In Superforecasting (with Dan Gardner; Crown, 2015), Tetlock documented a minority of forecasters — the "superforecasters" — who were notably well-calibrated and consistently outperformed the expert average across a range of questions. The defining characteristic of the superforecasters was not superior domain knowledge. It was a disciplined practice of numerical probability estimation, active revision when new information arrived, and ongoing self-measurement of calibration. The skill was learnable, but it required the infrastructure: records, numerical commitments, and willingness to see the gap between stated and observed rates.

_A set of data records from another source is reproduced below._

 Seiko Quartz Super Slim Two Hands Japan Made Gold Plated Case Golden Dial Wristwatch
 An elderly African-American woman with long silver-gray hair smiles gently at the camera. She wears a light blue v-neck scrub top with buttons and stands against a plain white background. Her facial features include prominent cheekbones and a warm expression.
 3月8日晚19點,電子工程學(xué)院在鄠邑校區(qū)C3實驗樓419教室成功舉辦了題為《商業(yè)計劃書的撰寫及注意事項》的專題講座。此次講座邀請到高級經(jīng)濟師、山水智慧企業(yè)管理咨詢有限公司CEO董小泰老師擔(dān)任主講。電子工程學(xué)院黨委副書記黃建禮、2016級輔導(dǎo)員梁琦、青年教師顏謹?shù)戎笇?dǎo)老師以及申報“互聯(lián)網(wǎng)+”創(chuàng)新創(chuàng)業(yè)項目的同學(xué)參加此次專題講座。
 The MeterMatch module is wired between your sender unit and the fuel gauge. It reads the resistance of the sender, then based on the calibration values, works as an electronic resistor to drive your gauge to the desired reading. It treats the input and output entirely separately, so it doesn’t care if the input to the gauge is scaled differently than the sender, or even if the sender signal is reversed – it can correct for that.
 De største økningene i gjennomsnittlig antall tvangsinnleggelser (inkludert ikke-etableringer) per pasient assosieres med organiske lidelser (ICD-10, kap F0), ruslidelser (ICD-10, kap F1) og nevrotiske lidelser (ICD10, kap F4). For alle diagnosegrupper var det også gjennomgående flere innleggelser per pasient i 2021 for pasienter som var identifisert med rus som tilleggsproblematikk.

Trading shares the feedback properties that make calibration most difficult. Outcomes arrive with noise attached — a correctly-reasoned decision produces a loss; a poorly-reasoned decision produces a win — so the feedback loop does not automatically correct overconfidence. It often reinforces it. When a confident call wins, the win is attributed to the confidence being warranted. When a confident call loses, the loss is attributed to randomness or execution. Without a calibration table, this asymmetric attribution has no corrective mechanism. The Overconfidence After Wins article covers one specific channel through which this process accelerates during positive streaks.

A Historical Example: Where Calibration Has Been Measured

The domain where probabilistic forecast calibration has been most rigorously documented is meteorology. Beginning with systematic forecast-verification research in the 1960s and 1970s — work by Allan Murphy and Robert Winkler among others — probabilistic precipitation forecasts were tracked against observations over long records. The accumulated evidence showed that weather forecasters, operating in an environment with rapid and unambiguous feedback, consistently produced well-calibrated probability estimates: when they said "30% chance of precipitation," rain fell on approximately 30% of those days over large samples — a calibration result documented in forecast-verification research by Allan Murphy and Robert Winkler (1977) and subsequent National Weather Service studies. When they said 70%, it rained approximately 70% of the time.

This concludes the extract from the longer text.